Enter the directory and install:

pip install .

Usage

The pyCoDaMath module is loaded as

import pycodamath

At this point, in order to get CLR values from a Pandas DataFrame df, do

df.coda.clr()

Documentation

CLR transformation - point estimate

df.coda.clr()

Returns centered logratio coefficients. If the dataframe contains zeros, values will be replaced by the Aitchison mean point estimate.

CLR transformation - standard deviation

df.coda.clr_std(n_samples=5000)

Returns the standard deviation of n_samples random draws in CLR space.

Parameters

  • n_samples (int) - Number of random draws from a Dirichlet distribution.

ALR transformation - point estimate

df.coda.alr(part=None)

Returns additive logratio values.

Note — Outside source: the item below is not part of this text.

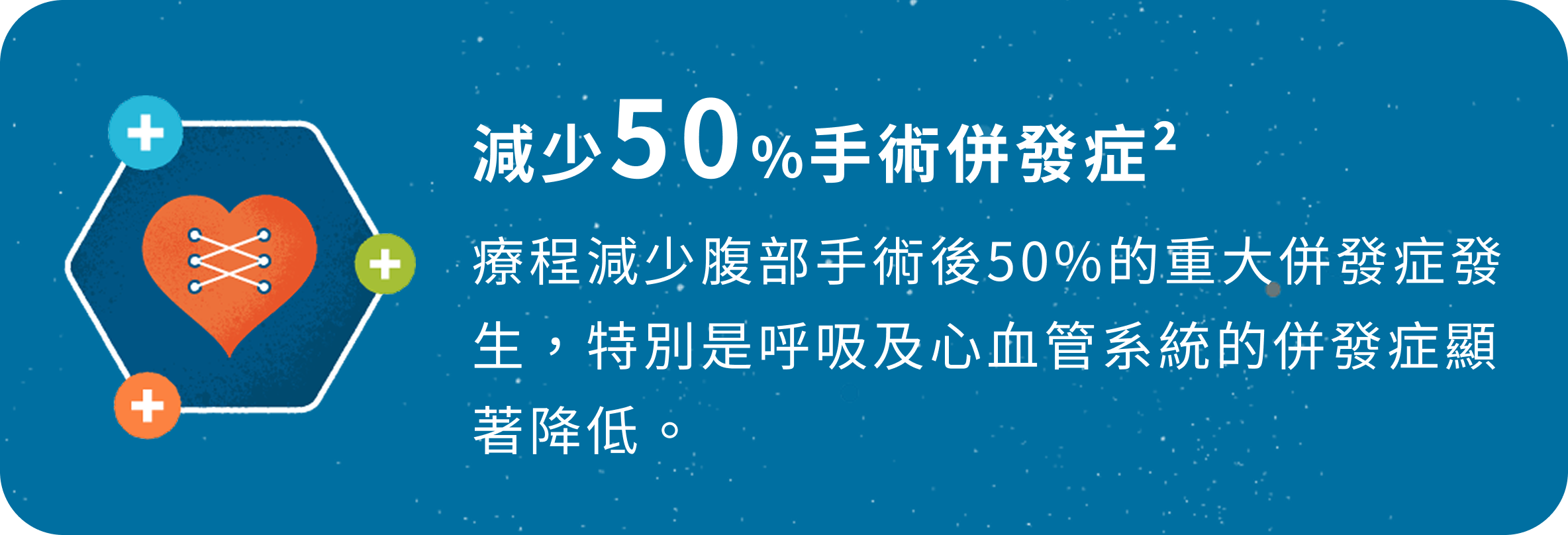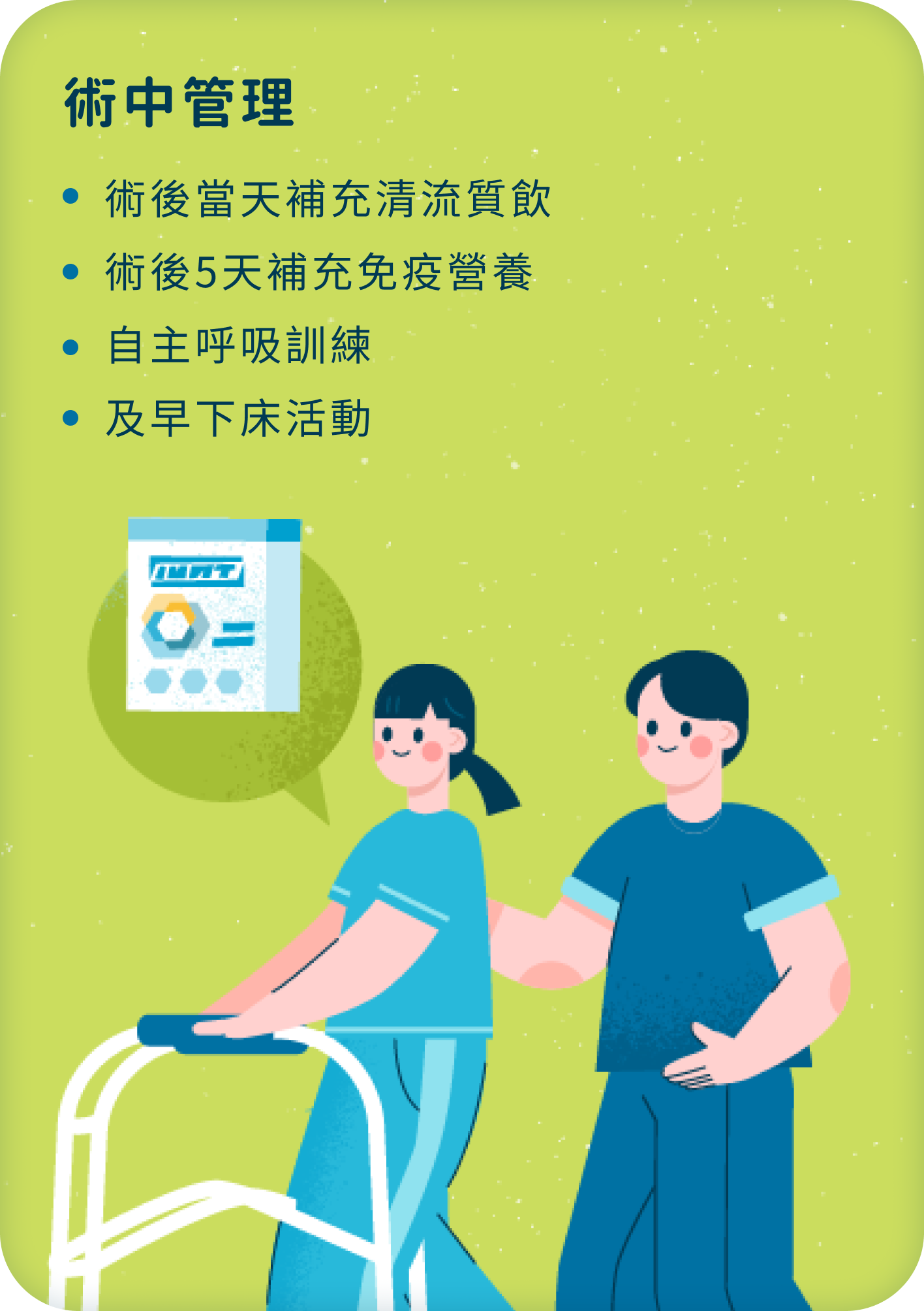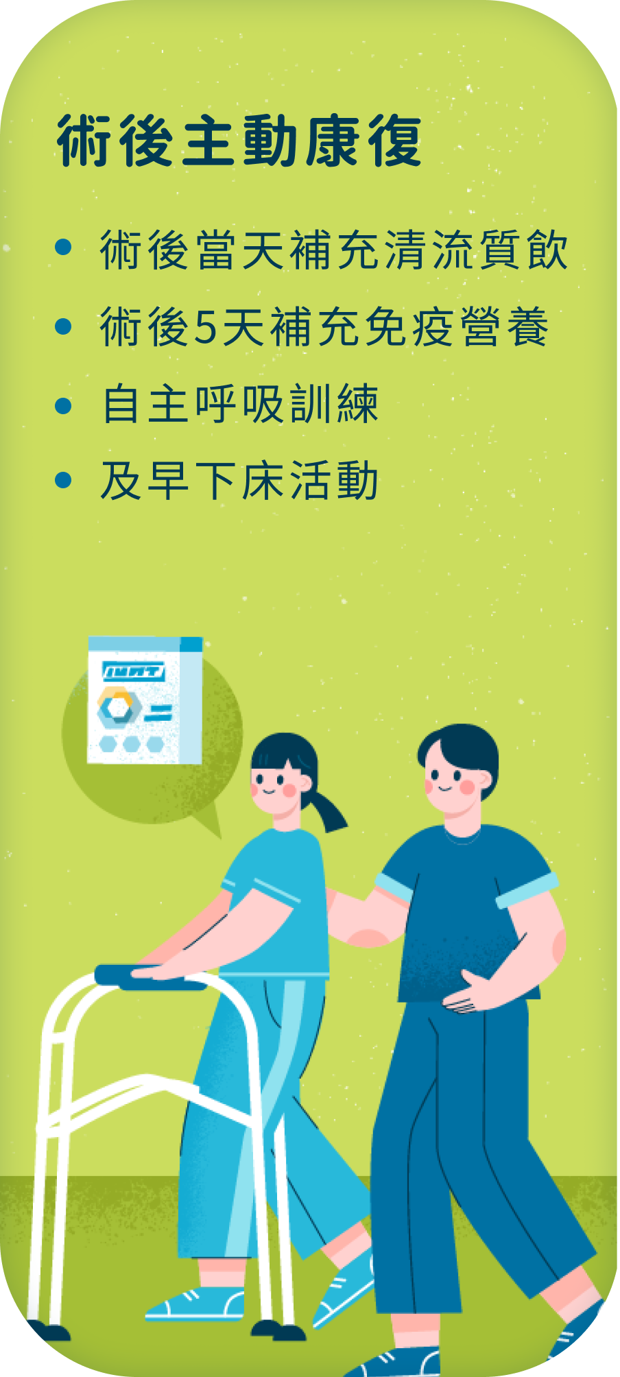 術後隔天開始下床運動與呼吸訓練,於術後5天搭配歐洲營養指南建議之3效免疫營養,加強術後免疫力

If part is None, the last part of the composition is used as the denominator.

Parameters

  • part (str) - Name of the part to use as denominator.

ALR transformation - standard deviation

df.coda.alr_std(part=None, n_samples=5000)

Returns the standard deviation of n_samples random draws in ALR space.

Parameters

  • part (str) - Name of the part to use as denominator.
  • n_samples (int) - Number of random draws from a Dirichlet distribution.

ILR transformation - point estimate

df.coda.ilr(psi=None)

Returns isometric logratio values. If no basis is given, a default sequential binary partition basis is used.

Parameters

  • psi (array_like) - Orthonormal basis. If None, the default SBP basis is used.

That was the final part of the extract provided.